== Required action ==
The range runs from the line containing "履き口の内側にふんわりボアを" through the last line of the material below; retype it exactly, leaving out the pictures.

=-=-=

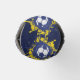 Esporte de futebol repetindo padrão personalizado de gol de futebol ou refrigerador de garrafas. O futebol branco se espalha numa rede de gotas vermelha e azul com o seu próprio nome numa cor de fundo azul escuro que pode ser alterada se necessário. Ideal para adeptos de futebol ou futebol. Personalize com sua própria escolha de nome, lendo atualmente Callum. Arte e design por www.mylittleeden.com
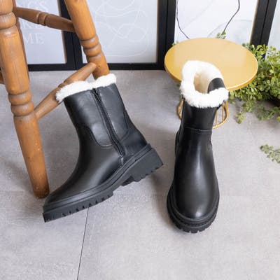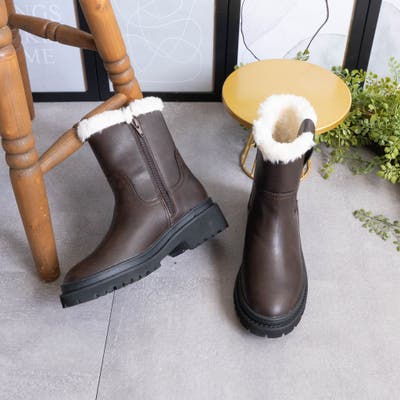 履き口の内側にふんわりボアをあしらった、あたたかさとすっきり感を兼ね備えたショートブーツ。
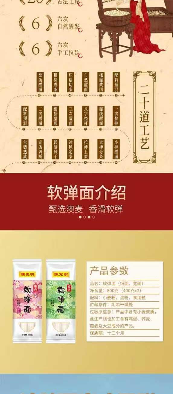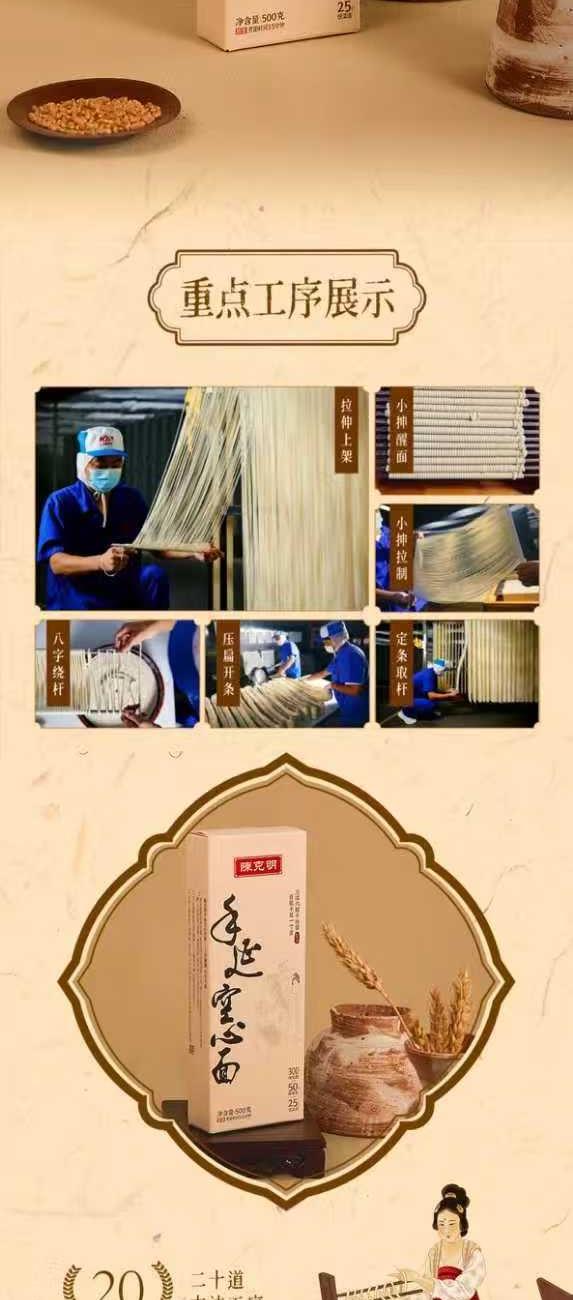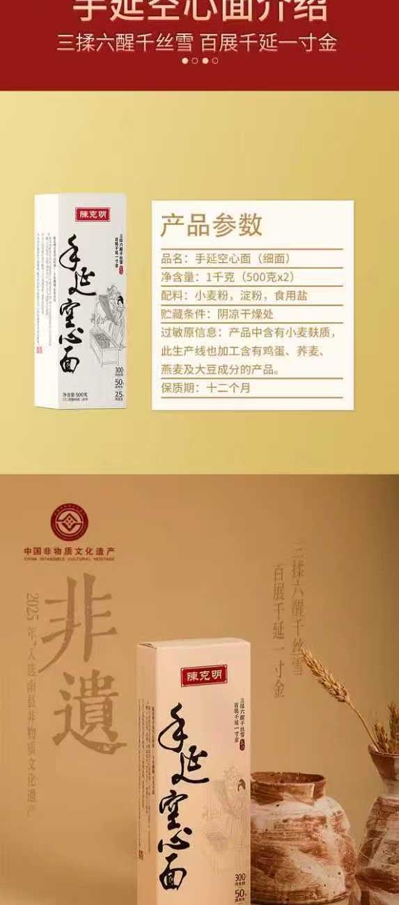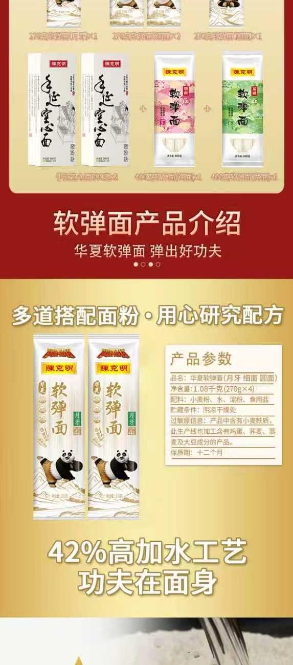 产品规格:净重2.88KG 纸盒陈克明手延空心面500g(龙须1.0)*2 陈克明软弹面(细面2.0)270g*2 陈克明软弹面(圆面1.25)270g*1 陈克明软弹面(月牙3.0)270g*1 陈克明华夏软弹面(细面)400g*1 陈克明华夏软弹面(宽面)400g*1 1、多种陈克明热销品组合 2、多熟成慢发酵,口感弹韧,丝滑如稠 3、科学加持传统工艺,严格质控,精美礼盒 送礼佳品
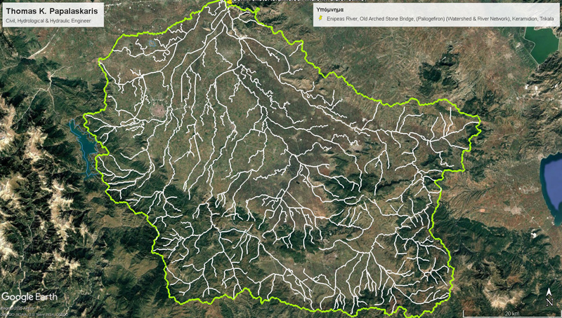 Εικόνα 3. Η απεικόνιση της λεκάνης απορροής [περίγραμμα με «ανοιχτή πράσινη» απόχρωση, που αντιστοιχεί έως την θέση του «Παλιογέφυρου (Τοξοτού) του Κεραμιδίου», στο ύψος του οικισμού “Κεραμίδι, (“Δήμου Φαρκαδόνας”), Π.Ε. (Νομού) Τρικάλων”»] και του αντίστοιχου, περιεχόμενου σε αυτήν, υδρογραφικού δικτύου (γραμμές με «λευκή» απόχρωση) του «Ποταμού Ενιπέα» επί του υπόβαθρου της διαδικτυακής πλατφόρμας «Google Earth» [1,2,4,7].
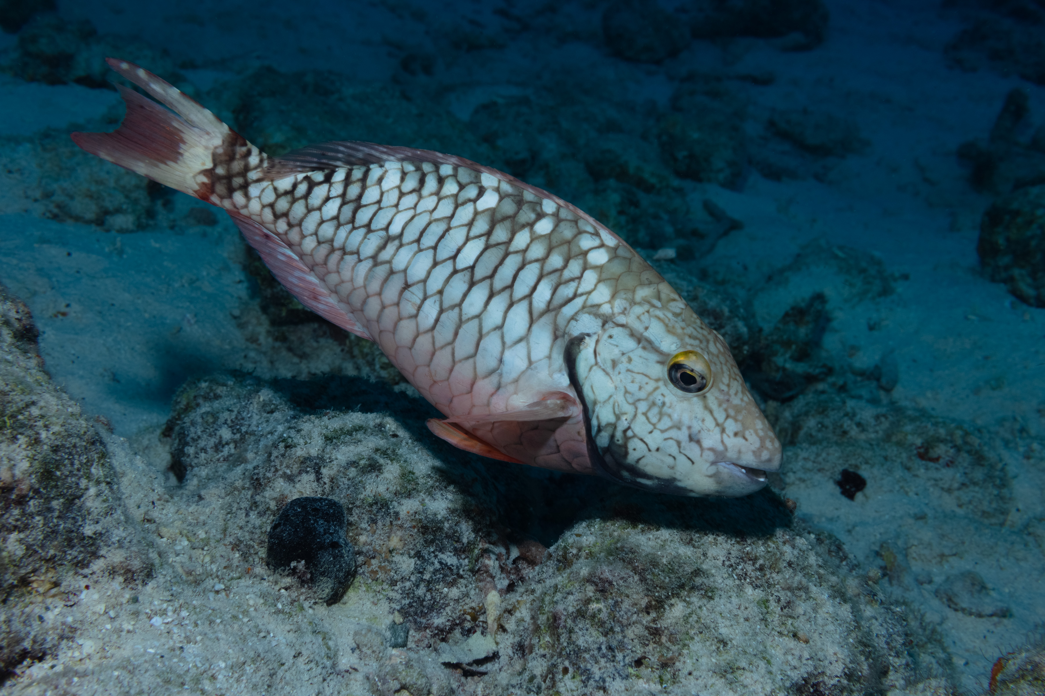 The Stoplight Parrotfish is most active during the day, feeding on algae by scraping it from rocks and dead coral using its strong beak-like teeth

=-=-=

== Reply to the exercise ==
 履き口の内側にふんわりボアをあしらった、あたたかさとすっきり感を兼ね備えたショートブーツ。
 产品规格:净重2.88KG 纸盒陈克明手延空心面500g(龙须1.0)*2 陈克明软弹面(细面2.0)270g*2 陈克明软弹面(圆面1.25)270g*1 陈克明软弹面(月牙3.0)270g*1 陈克明华夏软弹面(细面)400g*1 陈克明华夏软弹面(宽面)400g*1 1、多种陈克明热销品组合 2、多熟成慢发酵,口感弹韧,丝滑如稠 3、科学加持传统工艺,严格质控,精美礼盒 送礼佳品
 Εικόνα 3. Η απεικόνιση της λεκάνης απορροής [περίγραμμα με «ανοιχτή πράσινη» απόχρωση, που αντιστοιχεί έως την θέση του «Παλιογέφυρου (Τοξοτού) του Κεραμιδίου», στο ύψος του οικισμού “Κεραμίδι, (“Δήμου Φαρκαδόνας”), Π.Ε. (Νομού) Τρικάλων”»] και του αντίστοιχου, περιεχόμενου σε αυτήν, υδρογραφικού δικτύου (γραμμές με «λευκή» απόχρωση) του «Ποταμού Ενιπέα» επί του υπόβαθρου της διαδικτυακής πλατφόρμας «Google Earth» [1,2,4,7].
 The Stoplight Parrotfish is most active during the day, feeding on algae by scraping it from rocks and dead coral using its strong beak-like teeth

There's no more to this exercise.